GÜNCEL EGE YEREL YÖNETİMLER EKONOMİ POLİTİKA SPOR RÖPORTAJLAR YAZAR CAFE FOTO GALERİ VİDEO GALERİ
Mehmet KARABEL
YAZARLAR
9 Kasım 2017 Perşembe

Kuru ekmek yerim, Sırp Eti’ni yemem

Vallahi de, billahi de…

Bu başlık bana ait değil…

Bu başlığın sahibi, yıldızı giderek parlayan…

Şu sıralarda sık sık sık değişen…

Tarım, Gıda ve Hayvancılık Bakanlarının bile…

“Gel başkan, sen ne düşünüyorsun bu konuda?” diye fikrini aldığı…

Ege’nin yükselen yıldızı…

Tire Süt Kooperatifi’nin Başkanı Mahmut Eskiyörük’ten başkası değil…

***

Hani, şu sıralarda…

Vatandaş “ucuz et” yesin diye…

Türkiye’nin iki zincir market kıymayı 29’dan, kuşbaşını da 31 liradan satmaya başladı ya…

Biz de kooparatif reisi Eskiyörük’le…

“Koş vatandaş ucuz ete…” muhabbeti yaptık…

Ama, önce “ucuz et”in “pahalı tarihçesi”ne bakalım…

***

Kasapta, markette et fiyatları alıp başını gidince…

Çok değil, geçen sene önce…

Et ve Süt Kurumu’na 400 bin adet sığır ithalatı izni verildi…

“Angus”lar, gemilerle deniz havası ala ala geldi…

Vatandaş “Angus”ları sevmedi…

Meralarda otlamaya alışmış “Angus”lar da Türkiye’yi sevmedi…

Dolayısıyla et fiyatları düşmedi…

Daha fenası…

Yerliyi tercih eden vatandaşa, o “Angus”ları yerli diye bi’güzel aynı fiyata yedirdiler…

***

Bu kez Devlet Baba, canlı hayvan ithalatını bıraktı…

Yine “fiyatı düşüreceğim” diye…

“Karkas Et” (Kesilmiş hazır et) ithalatına karar verdi… Avrupa Birliği ülkelerinden gelen karkas et de “ucuz et” politikasına “ilaç” olamadı… O sıralarda aldığımız “karkas et”in İslami koşullarda kesilip, kesilmediği tartışmaları ise ayyuka çıktı…

***

Karkas et de tutmayınca, sıra geldi “lop et” ithalatına…

Nereden?

Sırbistan’dan…

Nesiyle meşhur?

Kasabıyla! (Ha’di girmeyelim oralara…)

Şimdi o beş bin ton lop Sırbistan etleri, ya kıyma ya da kuşbaşı olarak iki zincir markette, hükümet’in belirlediği fiyatla “Gel beni ye…” diye size bakıyor…

***

Şimdi siz de o etlere bakıp, sorun tezgahtara…

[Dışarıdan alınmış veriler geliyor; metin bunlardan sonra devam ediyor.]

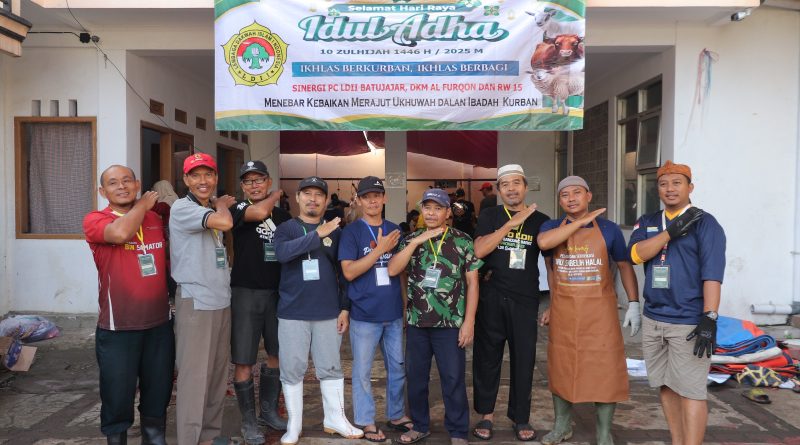 Bandung Barat (06/06) – Pimpinan Cabang (PC) LDII Kecamatan Batujajar, Kabupaten Bandung Barat, menyembelih 12 ekor hewan kurban usai salat Idul Adha di Lapangan Masjid DKM Al-Furqon, Jumat (6/6/2025). Penyembelihan ini menjadi bentuk kepedulian sosial LDII terhadap masyarakat sekitar, khususnya warga RW 15 Desa Sinarjaya.
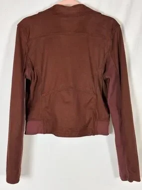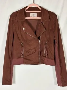 Stylish brown moto jacket with a tailored silhouette. Features zip-front closure and angled pockets for modern edge. Lightweight and versatile for everyday wear. Pair with jeans or skirts for a polished look. Anthropology brand.
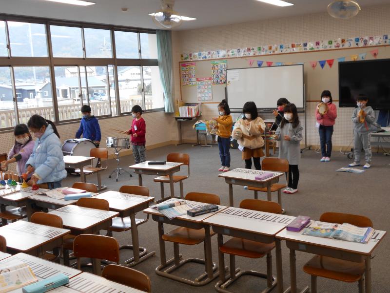 1年生の音楽の授業ですが、合唱等の内容は避けて、楽器の演奏になっています。当然、常に換気しながら、「吹く」楽器ではなく、「叩く」楽器の演奏となっています。みんな、キラキラ星の演奏、とても上手でしたよ。
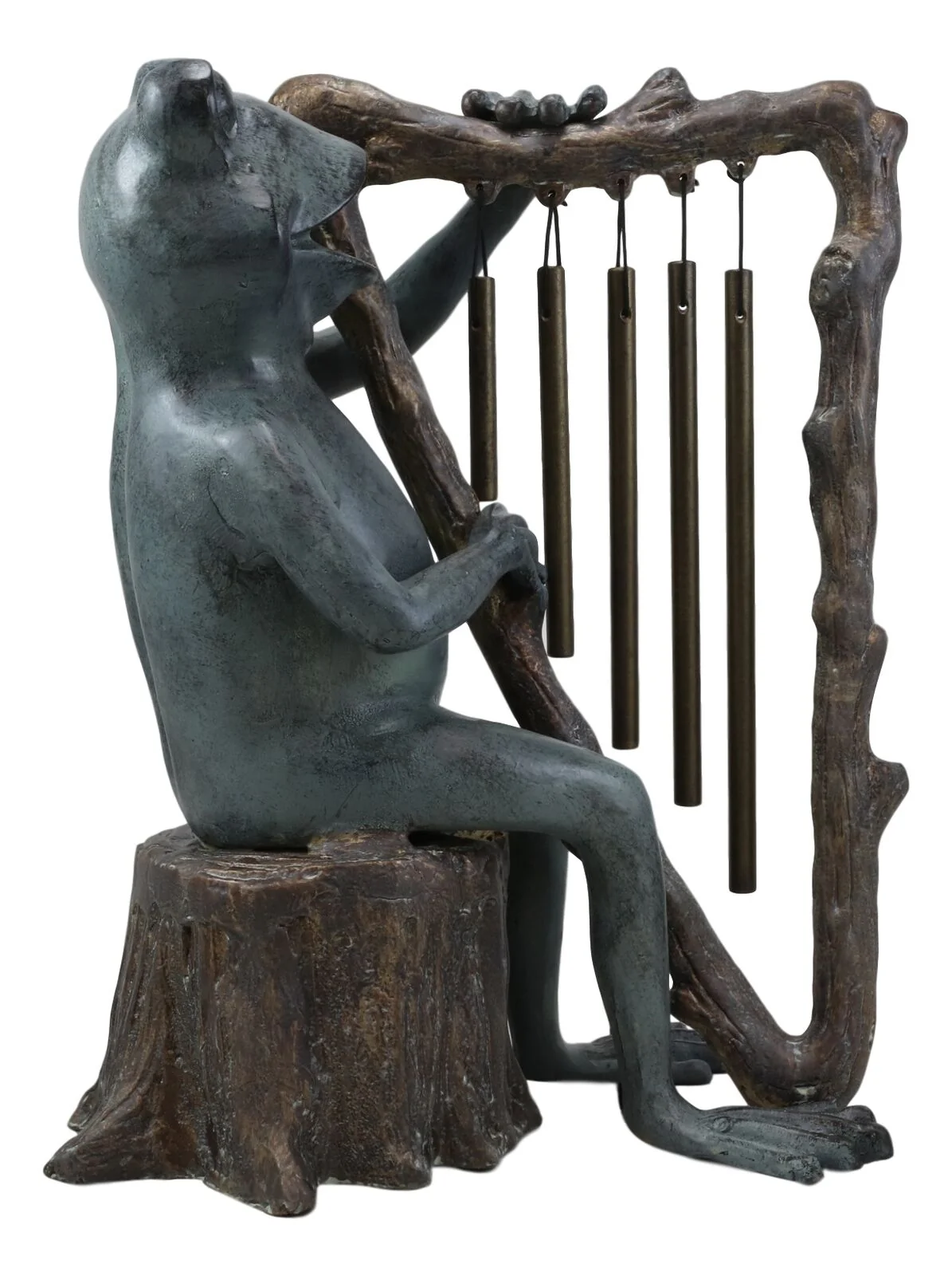 • This Green Frog On Heavenly Harp Tube Wind Chime Garden Statue is made of designer aluminum metal, hand painted and polished in verdi green and bronze finish. Color Tone may vary slightly from pictures. Decorate your patio and garden with our exclusive wind chimes. Our wind chimes are not only artistically beautiful as a decor but they also provide calm and relaxation as the rods chime when the breeze comes through.
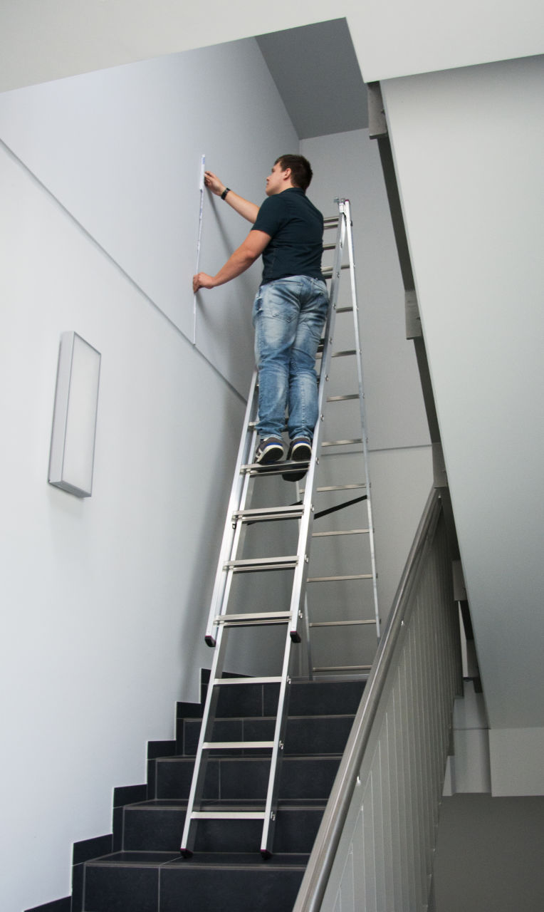 Трехсекционная, универсальная алюминиевая лестница. Может применяться в качестве приставной, раздвижной лестницы и стремянки. Дополнительная функция установки на различных высотах, например лестничных маршах
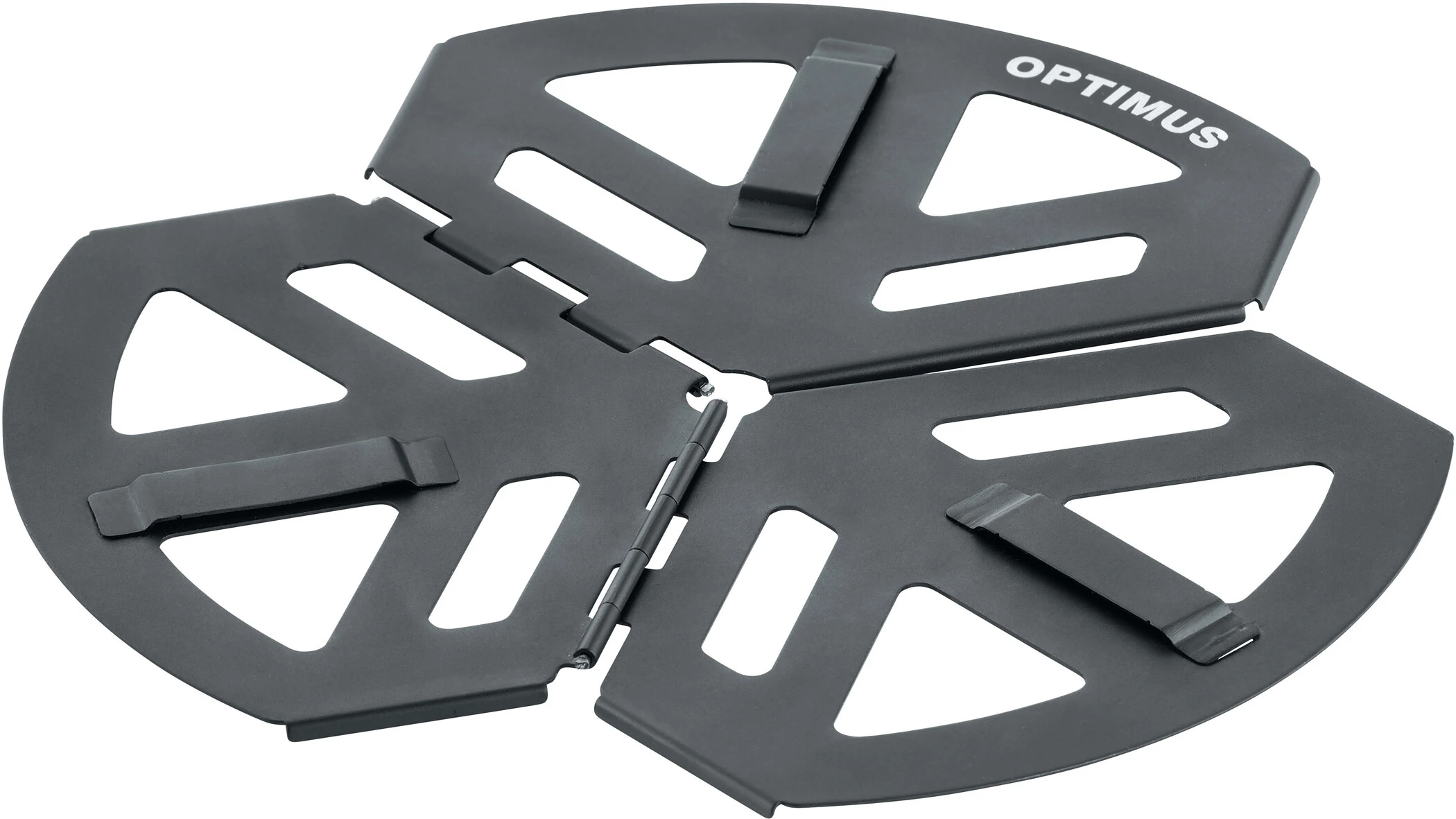 The Optimus burner support plate prevents the stove legs from sinking in on soft ground. It is very useful on snow, sand and gravel and has a durable anodised surface. The increased stability of the cooker ensures safe cooking. The support plate folds flat (to 8 mm) and has an extremely light weight of just 57 g. It can be attached to the feet of the stove. It can be attached to the feet of the cooker and can be stored in the storage bag of Optimus Polaris, Optimus Nova, Optimus Vega etc.
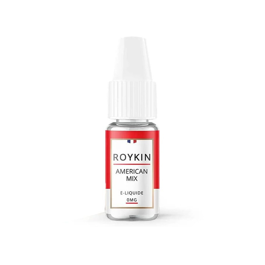 Flacon de 10 ml de e-liquide American Mix – Roykin, base PG/VG 80/20, disponible en 0, 3, 6, 11 ou 16 mg/ml, flacon PET avec embout fin et sécurité enfant.
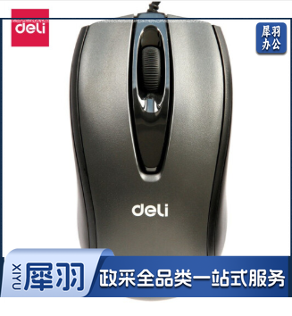 得力 3716 有线鼠标(黑)对称设计
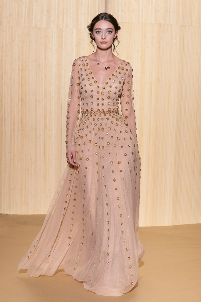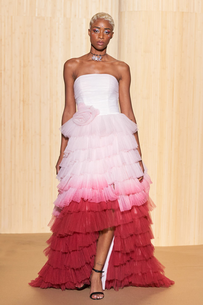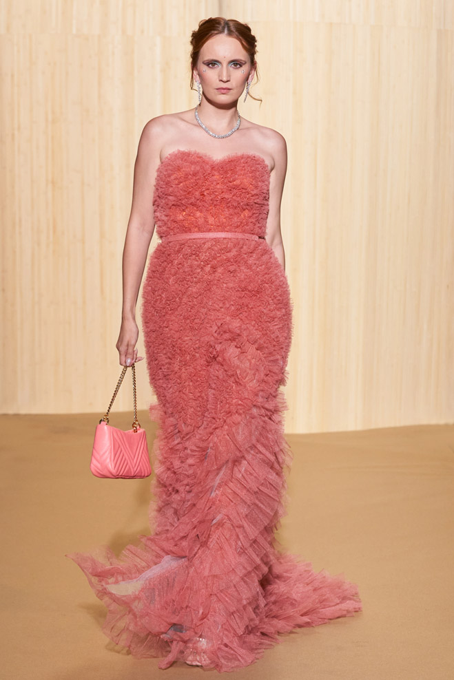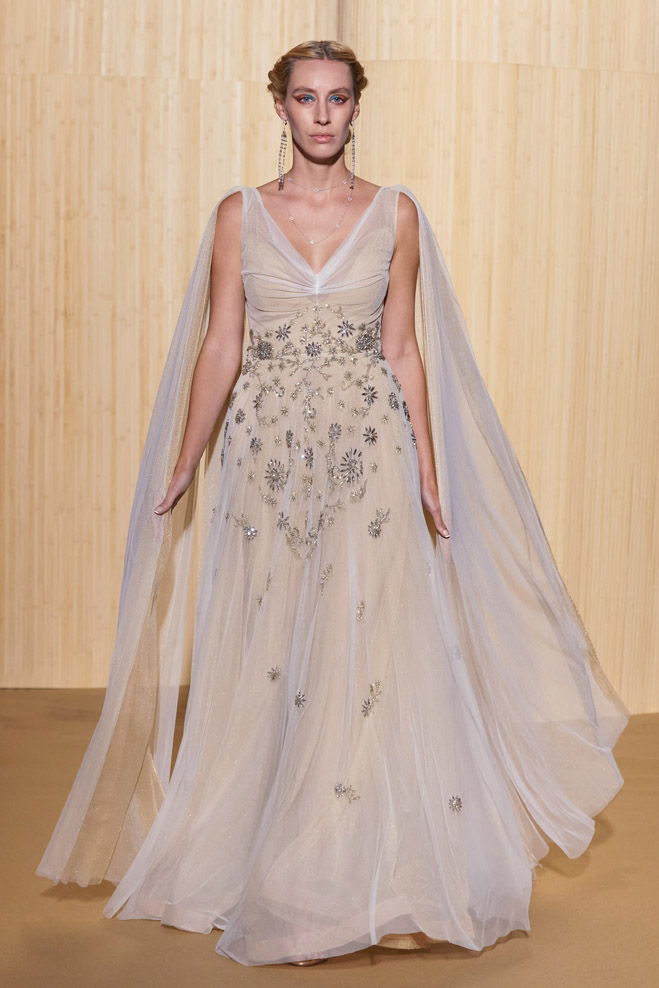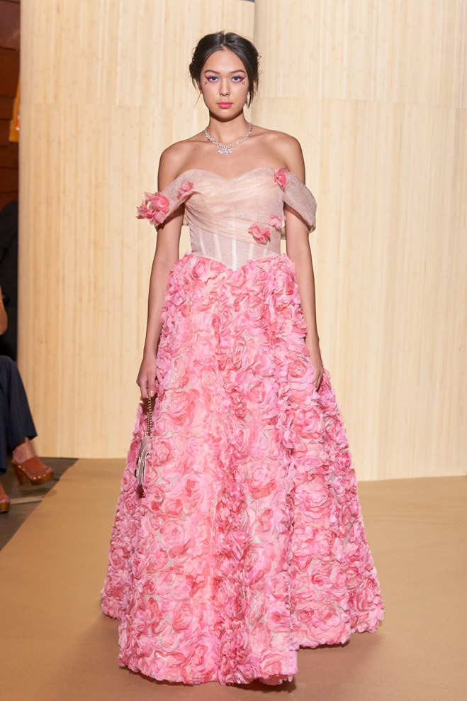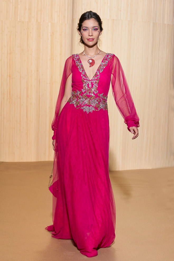 For his Spring-Summer 2024 collection, French designer Christophe Guillarmé was inspired by the Indian Lotus flower goddess Lakshmi and Bollywood imagery. Glamor with unbridled happiness and iconic choreography from Aishwarya to Deepika. The 3D flowershaped drapes recall the art of the Sari and its ancestral tradition.
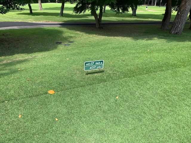 16番428yミドルは、ドライバーは右へ。3uで打つもショボ。寄らず入らず。ナイスアプ&パターでS.Hさんがパー。
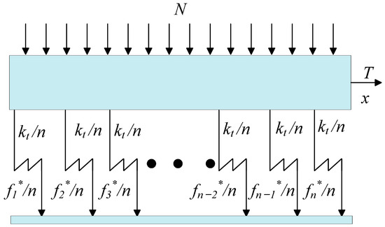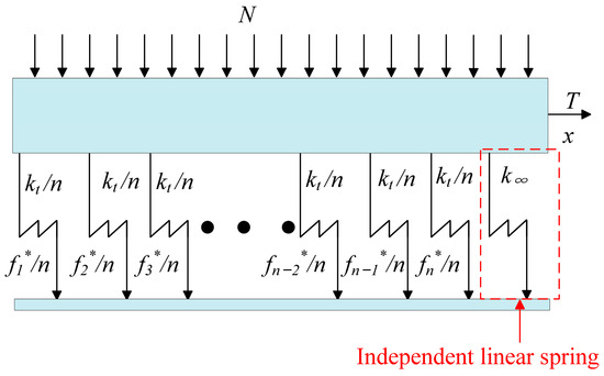During the initial loading stage, the sliding damper is subjected to a tangential tension T, which produces a displacement x. When the tangential displacement x is less than the yield displacement , the yield force of a single Jenkins cell is
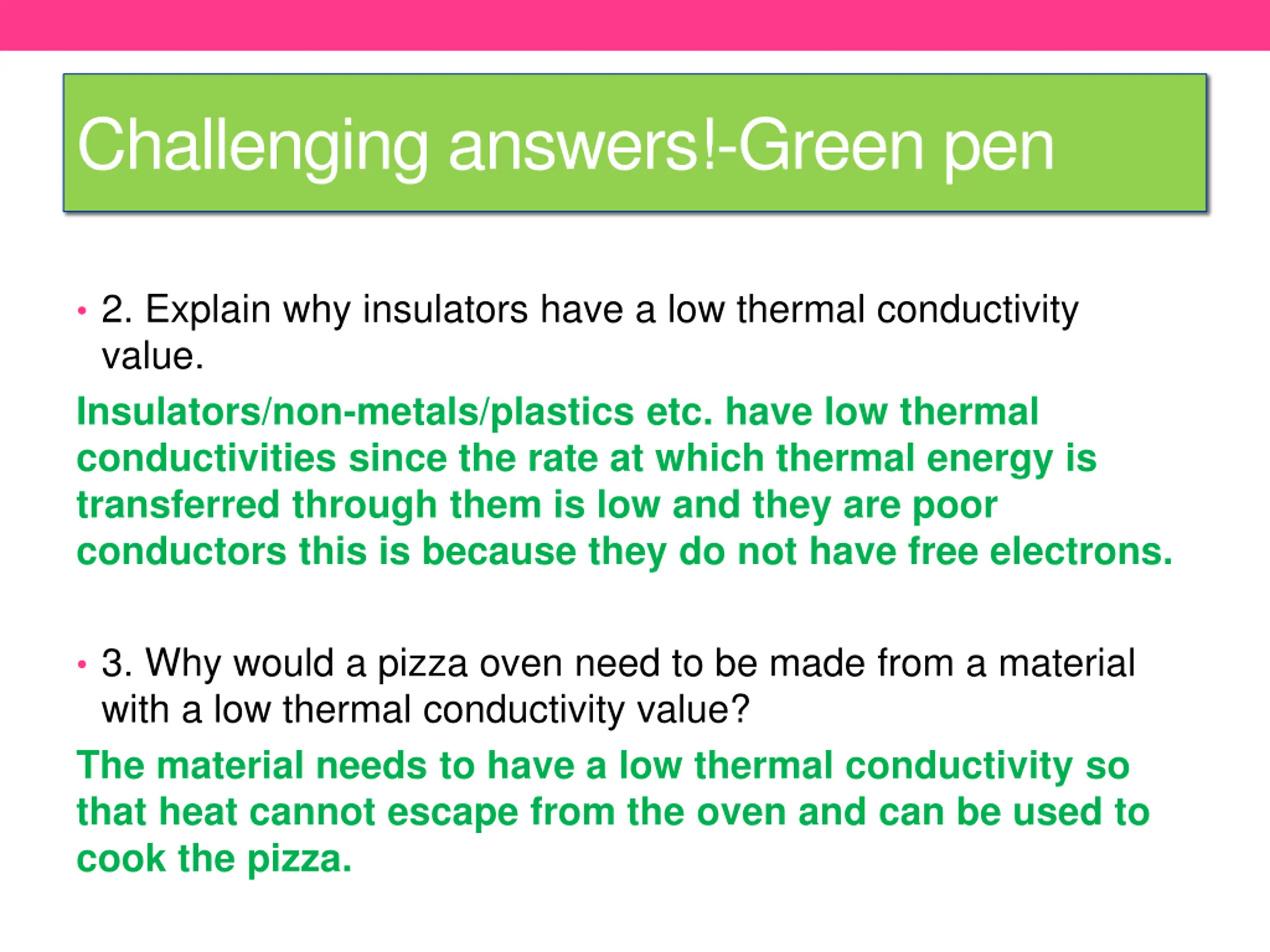 Challenging answers!-Green pen 2. Explain why insulators have a low thermal conductivity value. Insulators/non-metals/plastics etc. have low thermal conductivities since the rate at which thermal energy is transferred through them is low and they are poor conductors this is because they do not have free electrons. 3. Why would a pizza oven need to be made from a material with a low thermal conductivity value? The material needs to have a low thermal conductivity so that heat cannot escape from the oven and can be used to cook the pizza.
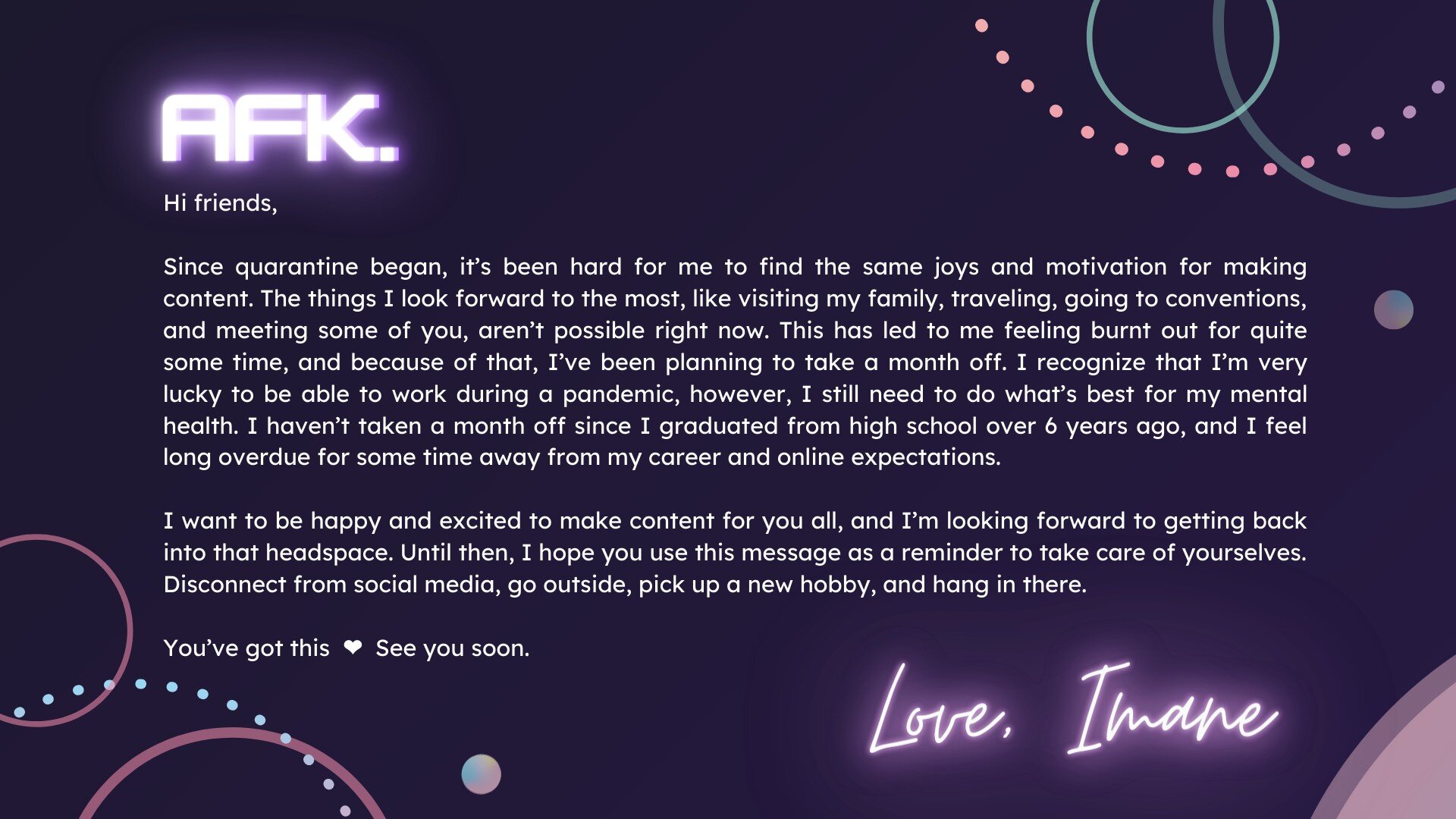 „Több mint 6 éve nem voltam szabadságon. Ezt egy ideje esedékesnek érzem. Boldog és izgatott szeretnék lenni, ha tartalmat készítek. Alig várom, hogy visszatérhessek” – írta augusztus elején az AFK nevű bejegyzésben.
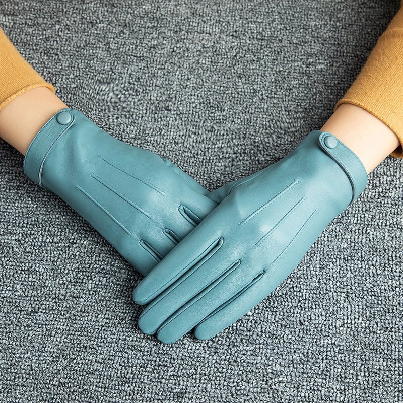 - 新品☆3色選択可レディース 女性用 手袋 ショート レザー 羊革 スマホ対応手作り 通勤 運転 裏起毛防風 手ぶくろ 防寒 撥水 自転車 ブルー

“Bu et yerli mi, ithal mi?” diye…

O da size “yerli” diyecek…

Siz bu sefer “Türk eti mi, Sırp eti mi?” diye soracaksınız…

O da size “Tabii ki, Türk eti” diyecek…

İnanacak mısınız?

***

Hayatını, üreticinin ve besicinin kooperatifleşmesine adayan Tire Süt’ün Başkanı Mahmut Eskiyörük ise, gelişmelere başka bir “pencere”den bakıyor; hükümete öncelikle “İthalatı durdurun” diye sesleniyor… Gerisini de şöyle getiriyor:

***

“Bizde et fiyatları, dünya pazarı ve halkımızın alım gücüne göre yüksek, ancak besiciye göre düşük… Neden? Çünkü, üretim maliyetleri yüksek, bu da yetmezmiş gibi halkın alım gücü düşük… Bizim maliyetlerimiz Dünya Çiftçisiyle aynı koşullarda olsa… Ya da asgari ücret, bugünkünün iki katı olsa asla problem yaşanmaz…”

***

“Ne diyorlar? Avrupa’da et ucuz… Ben de diyorum ki; benim besicim de  o maliyetlerle üretim yapsın; biz onlardan çok daha düşük fiyata et satarız… Ancak; dünyanın en pahalı mazotuyla, en pahalı yemiyle üretim yaparken birileri kalkıp da Avrupalı üreticiyle bizimkini kıyaslarsa, hiç’ bi’şi üretemeyiz; tamamen dışa bağımlı hale geliriz…”

***

“Tüketiciyi korumak istiyor muyuz? O zaman, üretim maliyeti farkını Devlet Baba karşılayacak… Önce, ithalatı keselim… Bırakın tüketici bir süre mağdur olsun, daha az yiyelim, içelim… Böylece üreticiyi güçlendirerek üretimimizi arttıralım…”

***

“İthalat, milli ekonomimize bıçak saplamaktır… Bu yol sadece yabancı çiftçiyi ve ithalat şirketlerini zengin eder… İthalata döktüğümüz parayı kendi üreticimize verelim… Böylece sadece bugünkü nüfusu değil, bir 80 milyonun daha karnını doyururuz… Potansiyelimiz var; başarırız…”

***

“İthalat yaparak, İthalattan kurtulamayız... Üreticiyi kurtarmadan tüketiciyi kurtaramayız... Eğer tüketiciyi güldüreceğiz derken kendi üreticimizi öldürürsek hepten dışa bağımlı oluruz…”

***

Eskiyörük, konuştu, konuştu…

Sonra da Selda Bağcan’ın şarkısını hatırlatırcasına…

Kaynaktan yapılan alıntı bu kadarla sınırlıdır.